Once the line containing "Odnímatelná konstrukce pro" is found in the entries below, restate it and each following line word for word, stopping after the line containing "入户右侧为北向阔景大横厅,L".

### GIVEN DATA
•••

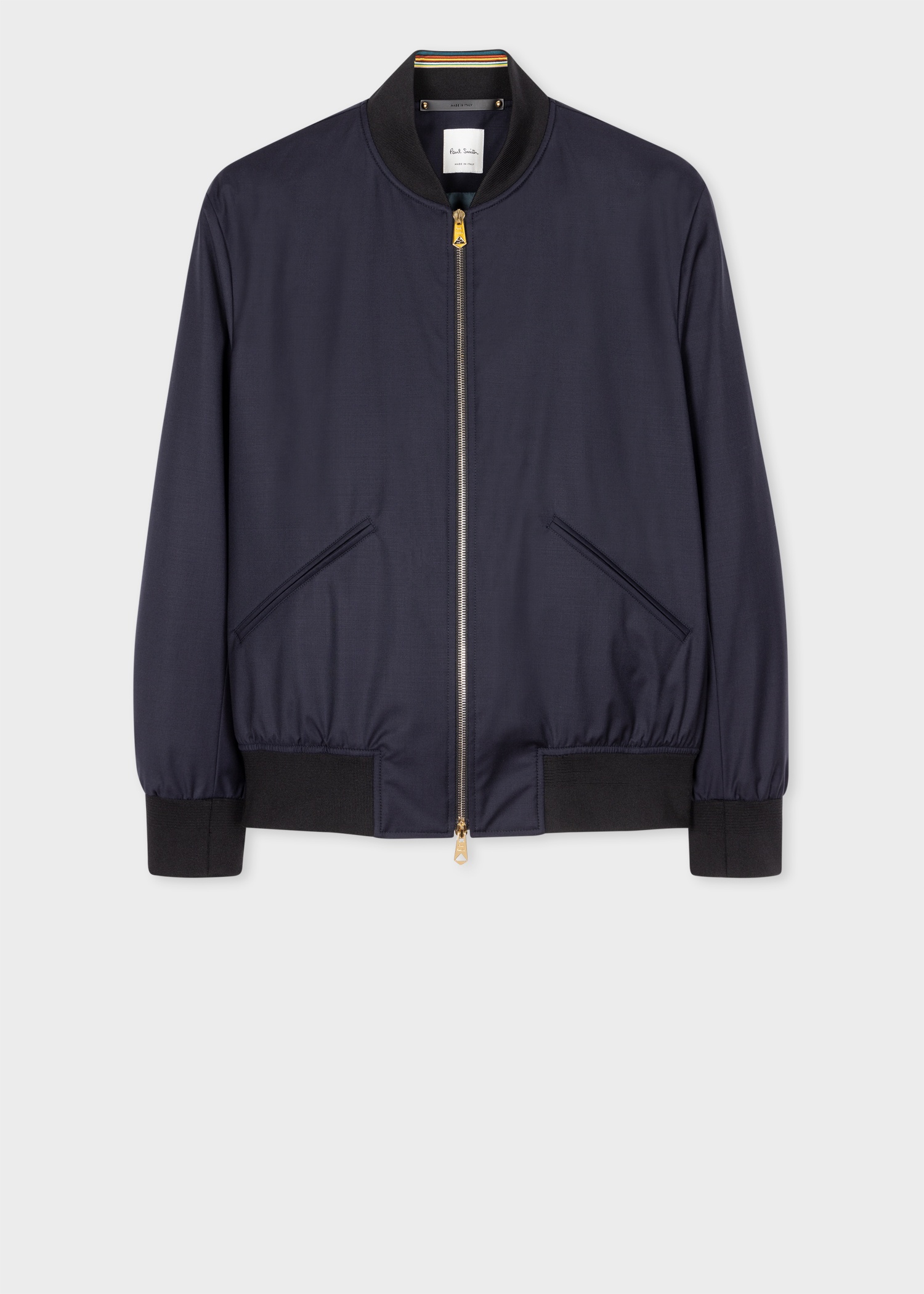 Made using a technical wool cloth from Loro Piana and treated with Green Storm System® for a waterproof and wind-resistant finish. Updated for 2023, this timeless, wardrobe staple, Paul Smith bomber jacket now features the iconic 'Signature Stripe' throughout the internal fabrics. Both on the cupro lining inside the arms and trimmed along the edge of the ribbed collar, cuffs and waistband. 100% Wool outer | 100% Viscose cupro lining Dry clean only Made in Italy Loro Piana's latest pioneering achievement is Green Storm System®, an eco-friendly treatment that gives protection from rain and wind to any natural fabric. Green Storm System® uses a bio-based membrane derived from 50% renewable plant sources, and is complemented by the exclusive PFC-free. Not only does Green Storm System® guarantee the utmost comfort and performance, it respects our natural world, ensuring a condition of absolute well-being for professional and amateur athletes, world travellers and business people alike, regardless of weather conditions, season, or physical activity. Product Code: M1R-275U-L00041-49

•••

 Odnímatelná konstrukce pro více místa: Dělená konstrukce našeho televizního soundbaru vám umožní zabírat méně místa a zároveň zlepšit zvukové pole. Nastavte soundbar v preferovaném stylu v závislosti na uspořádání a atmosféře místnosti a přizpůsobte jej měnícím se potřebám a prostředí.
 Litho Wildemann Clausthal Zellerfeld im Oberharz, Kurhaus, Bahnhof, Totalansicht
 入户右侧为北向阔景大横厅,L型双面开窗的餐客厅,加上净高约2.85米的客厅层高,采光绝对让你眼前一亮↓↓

•••

### RESPONSE BOX
 Odnímatelná konstrukce pro více místa: Dělená konstrukce našeho televizního soundbaru vám umožní zabírat méně místa a zároveň zlepšit zvukové pole. Nastavte soundbar v preferovaném stylu v závislosti na uspořádání a atmosféře místnosti a přizpůsobte jej měnícím se potřebám a prostředí.
 Litho Wildemann Clausthal Zellerfeld im Oberharz, Kurhaus, Bahnhof, Totalansicht
 入户右侧为北向阔景大横厅,L型双面开窗的餐客厅,加上净高约2.85米的客厅层高,采光绝对让你眼前一亮↓↓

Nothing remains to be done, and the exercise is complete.